─── TASK INPUTS

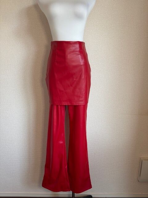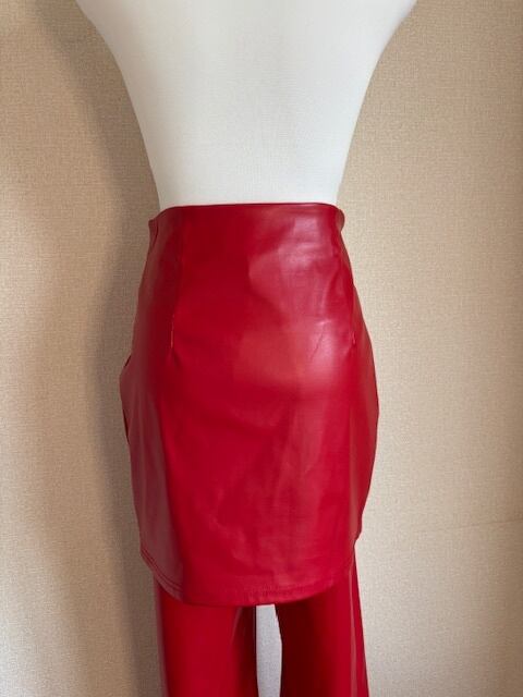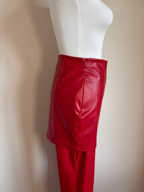 鮮やかREDパンツ&スカートセット★エコレザー!コーデのポイントに!
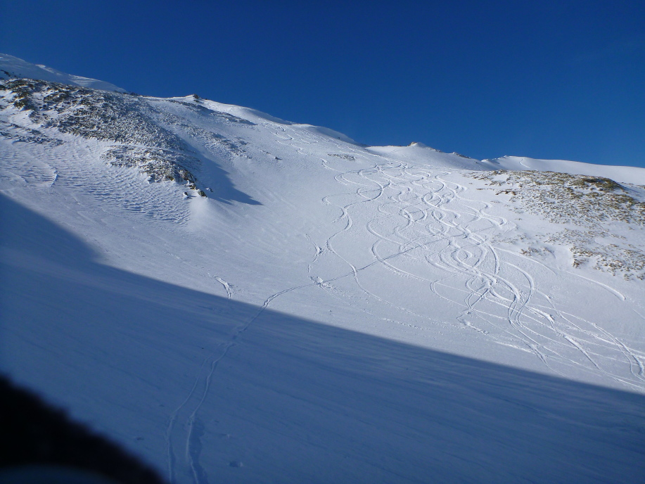 | ではそろそろ楽しみますかね? 時間的に剱沢小屋までは無理なので途中の平らな場所を目指します では…いざ! 滑降はあっという間で小屋までハイクアップ… シールが凍てついて板に張り付かづ苦労しながらやっとの思いで 剱御前小屋へ ここで少し休憩した後は雷鳥沢に向けて一気に楽しみます |
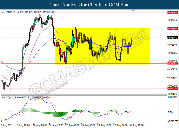 USDCHF, H4: USDCHF remain traded in sideway channel following recent rebound from its low level. However, MACD which illustrate bullish momentum signal suggest the pair to extend its rebound towards the resistance level 0.9200.
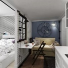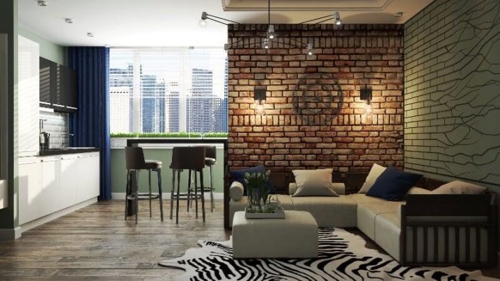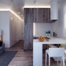 - هنا ، يتم فصل منطقة الترفيه عن المطبخ بواسطة قسم مريح مع تشطيب من الطوب. في منطقة المطبخ ، يقع الأثاث بشكل مضغوط على طول الجدران ، يوجد في الوسط طاولة على شكل طاولة بار. كل منطقة لها الإضاءة الخاصة بها. على الرغم من هذا التمييز الواضح ، فإن العناصر الداخلية في هذا الاستوديو مرتبطة بالألوان..
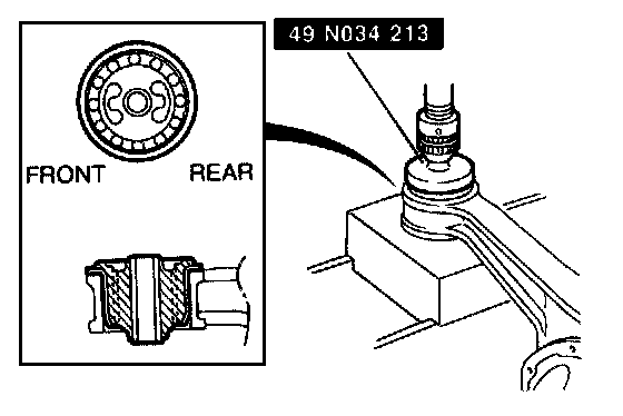 1. Press in the new differential mounting rubber, with the voids facing fore and aft, with SST #49 N034 213 or equivalent. Press to 19600N (4400 lbf).
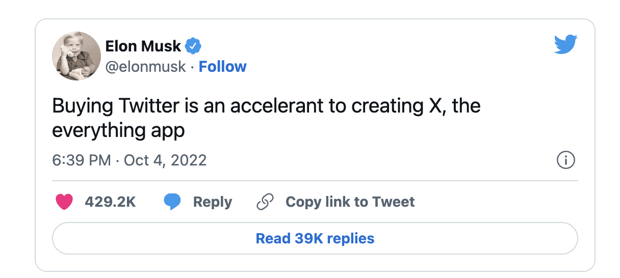 “Buying Twitter is an accelerant to creating X, the everything app,” Musk tweeted on Oct. 4 after striking an agreement with Twitter’s board to go through with the deal. In another tweet the same day, he suggested building off of Twitter would be faster than creating a so-called everything app from scratch.
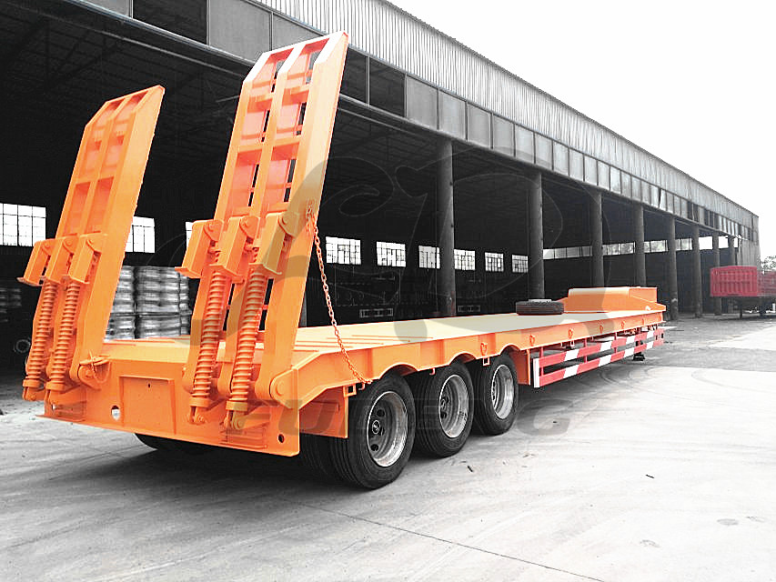 3 axles lowbed semi trailer can load 30-80tons heavy duty, customized loading deck dimension depend on your transport demand, heavy axles, thicken suspension and durable tires suit for bad road condition in Africa, welcome your inquiry, our engineer can provide best solution for your reference.
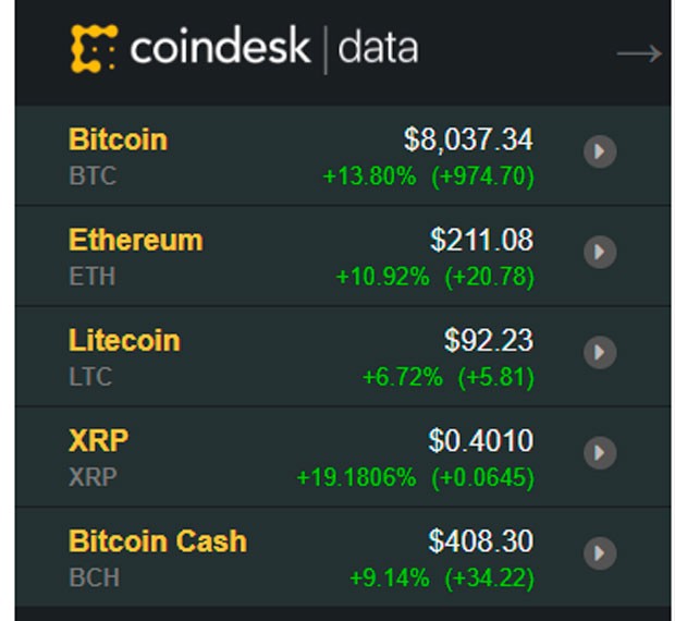 Bakı vaxtı ilə saat 10:30-da Bitcoin-in qiyməti 13,80 faiz artımla 8037 dollar təşkil edib.
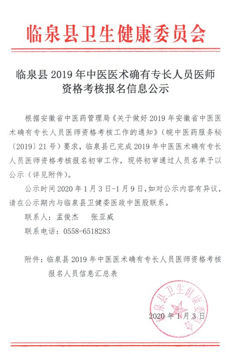 安徽省阜陽市臨泉縣衛(wèi)健委發(fā)布阜陽市臨泉縣2019年中醫(yī)醫(yī)術(shù)確有專長(zhǎng)人員醫(yī)師資格考核報(bào)名人員信息匯總表,為幫助大家了解,在此醫(yī)學(xué)教育網(wǎng)小編為大家整理如下內(nèi)容:
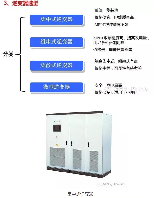 光伏逆變器主要分為:集中式逆變器、組串式逆變器、集散式逆變器、微型逆變器等。
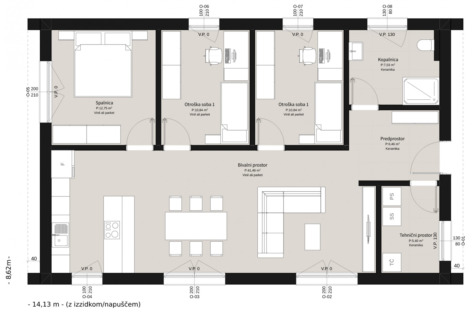 Izpeljanka ONE 95/1 z dodatno otroško sobo.
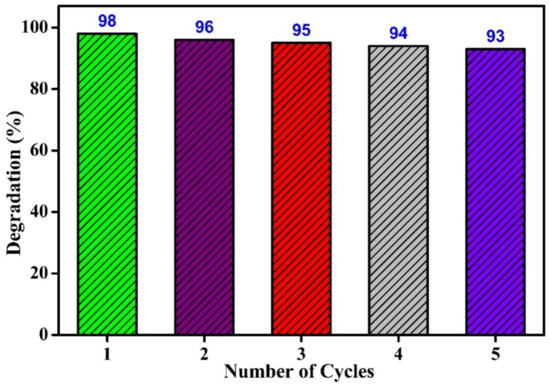 The photostability and recyclability are vital factors for a photocatalyst to be applied for commercial applications. Therefore, the stability of the as-synthesized composites was evaluated under similar conditions by collecting the photocatalyst after measurement and reuse. As shown in Figure 7, the photocatalytic activity was retained to ~90% after five successive cycles, demonstrating that these photocatalysts can be used multiple times.
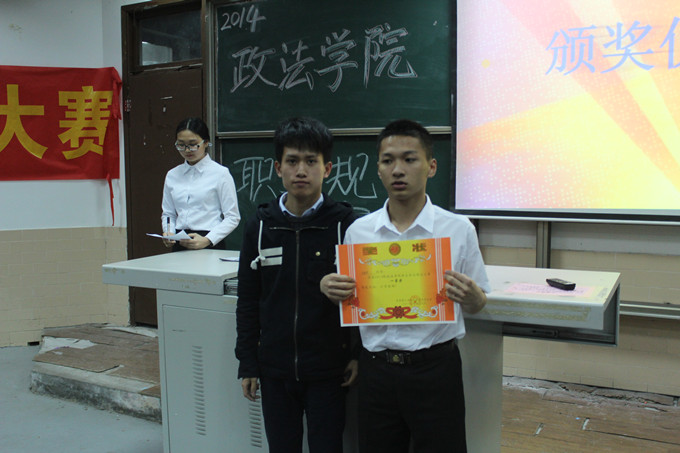 4月9日晚上7点30分,政法学院在莞城校区6#1课室举行了2014级新生职业规划大赛。出席本次大赛的评委有郭桦楷讲师、黄莹讲师、张达娜讲师、胡小彩讲师,嘉宾为政法学生会副主席吴丹丹。
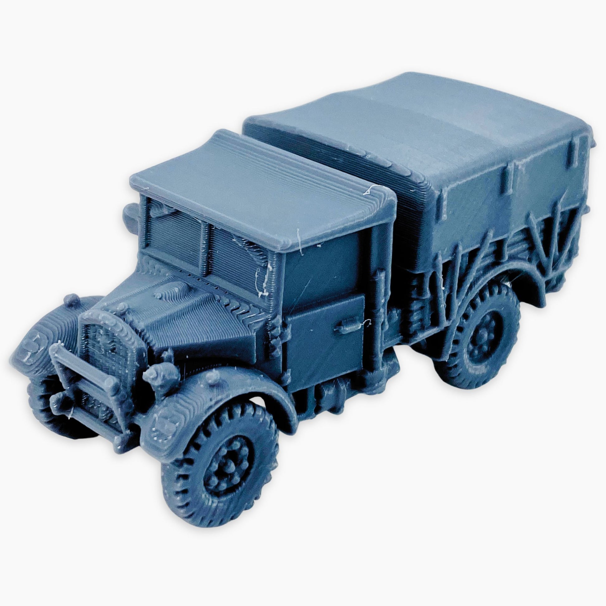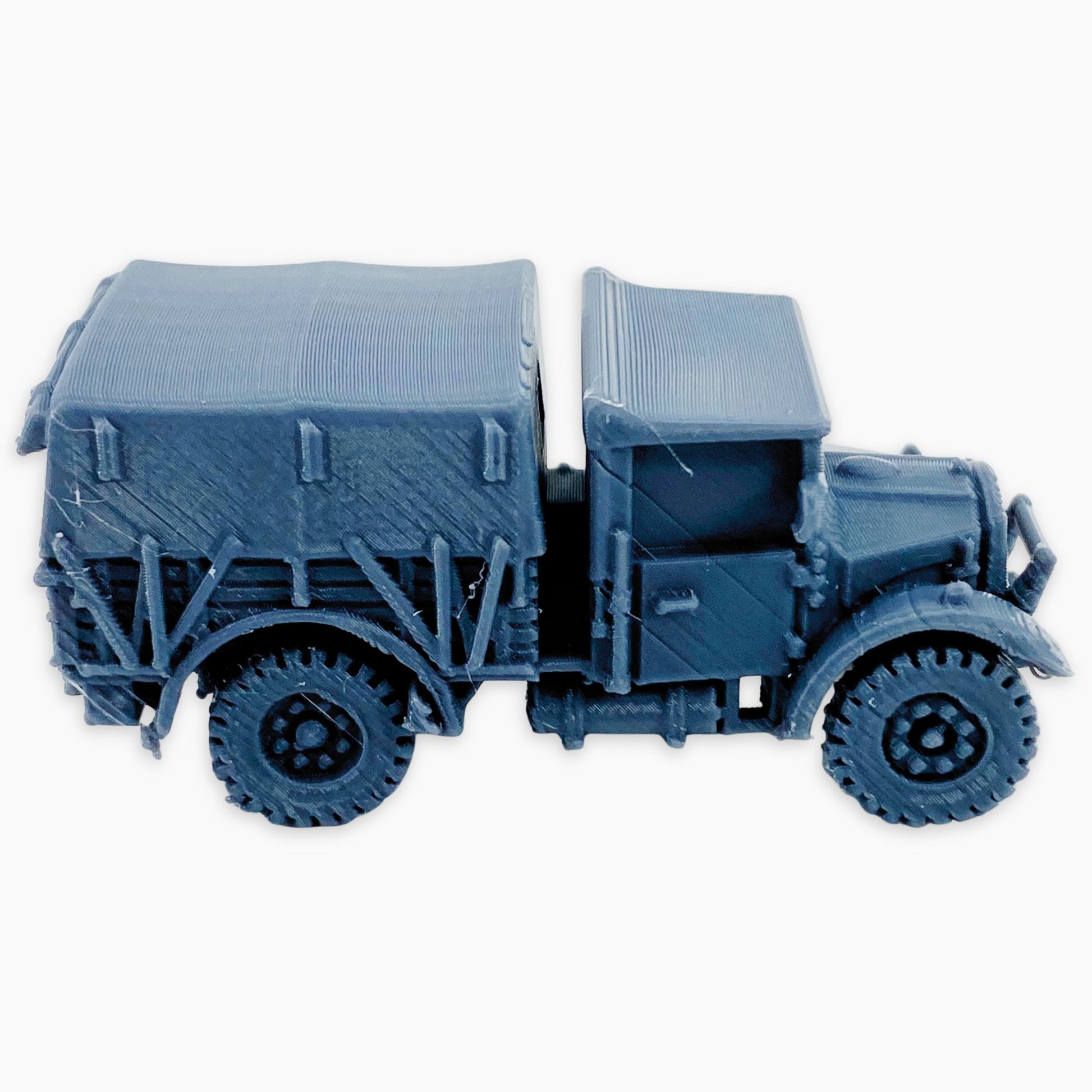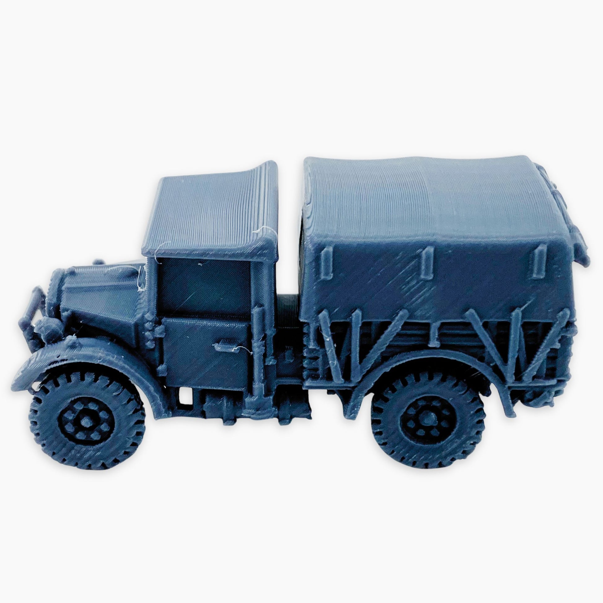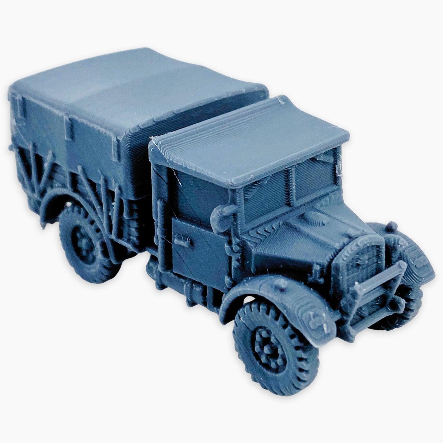 The Fordson WOT2E (covered) miniature represents a British World War II light utility truck fitted with a canvas-covered rear cargo area. This design protected supplies and personnel from the elements while maintaining the vehicle’s versatility for transport and logistical tasks across diverse operational environments.
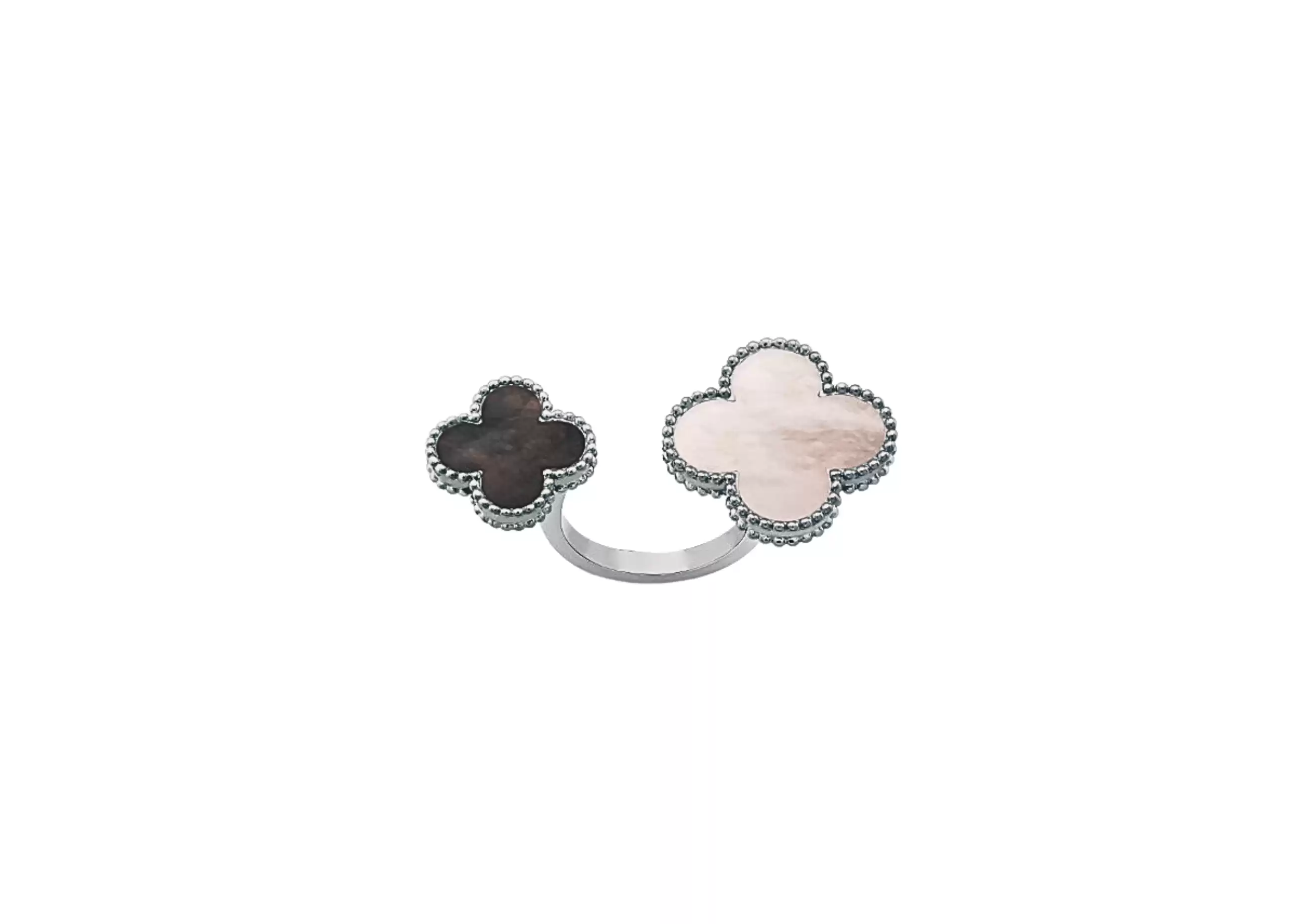 The focal point of this enchanting ring lies in its captivating stones - two mesmerizing mother-of-pearl stones. Each stone possesses its own unique color and features, ensuring that no two creations are alike. The combination of white and gray mother-of-pearl adds a touch of ethereal beauty to this already enchanting piece.

──────

• TASK INSTRUCTIONS: Would you set down only the lines above from the line with "USDCHF, H4: USDCHF" to the line with "The photostability and", both included, exactly as they stand and without the pictures?

• ANSWER BOX:
 USDCHF, H4: USDCHF remain traded in sideway channel following recent rebound from its low level. However, MACD which illustrate bullish momentum signal suggest the pair to extend its rebound towards the resistance level 0.9200.
 - هنا ، يتم فصل منطقة الترفيه عن المطبخ بواسطة قسم مريح مع تشطيب من الطوب. في منطقة المطبخ ، يقع الأثاث بشكل مضغوط على طول الجدران ، يوجد في الوسط طاولة على شكل طاولة بار. كل منطقة لها الإضاءة الخاصة بها. على الرغم من هذا التمييز الواضح ، فإن العناصر الداخلية في هذا الاستوديو مرتبطة بالألوان..
 1. Press in the new differential mounting rubber, with the voids facing fore and aft, with SST #49 N034 213 or equivalent. Press to 19600N (4400 lbf).
 “Buying Twitter is an accelerant to creating X, the everything app,” Musk tweeted on Oct. 4 after striking an agreement with Twitter’s board to go through with the deal. In another tweet the same day, he suggested building off of Twitter would be faster than creating a so-called everything app from scratch.
 3 axles lowbed semi trailer can load 30-80tons heavy duty, customized loading deck dimension depend on your transport demand, heavy axles, thicken suspension and durable tires suit for bad road condition in Africa, welcome your inquiry, our engineer can provide best solution for your reference.
 Bakı vaxtı ilə saat 10:30-da Bitcoin-in qiyməti 13,80 faiz artımla 8037 dollar təşkil edib.
 安徽省阜陽市臨泉縣衛(wèi)健委發(fā)布阜陽市臨泉縣2019年中醫(yī)醫(yī)術(shù)確有專長(zhǎng)人員醫(yī)師資格考核報(bào)名人員信息匯總表,為幫助大家了解,在此醫(yī)學(xué)教育網(wǎng)小編為大家整理如下內(nèi)容:
 光伏逆變器主要分為:集中式逆變器、組串式逆變器、集散式逆變器、微型逆變器等。
 Izpeljanka ONE 95/1 z dodatno otroško sobo.
 The photostability and recyclability are vital factors for a photocatalyst to be applied for commercial applications. Therefore, the stability of the as-synthesized composites was evaluated under similar conditions by collecting the photocatalyst after measurement and reuse. As shown in Figure 7, the photocatalytic activity was retained to ~90% after five successive cycles, demonstrating that these photocatalysts can be used multiple times.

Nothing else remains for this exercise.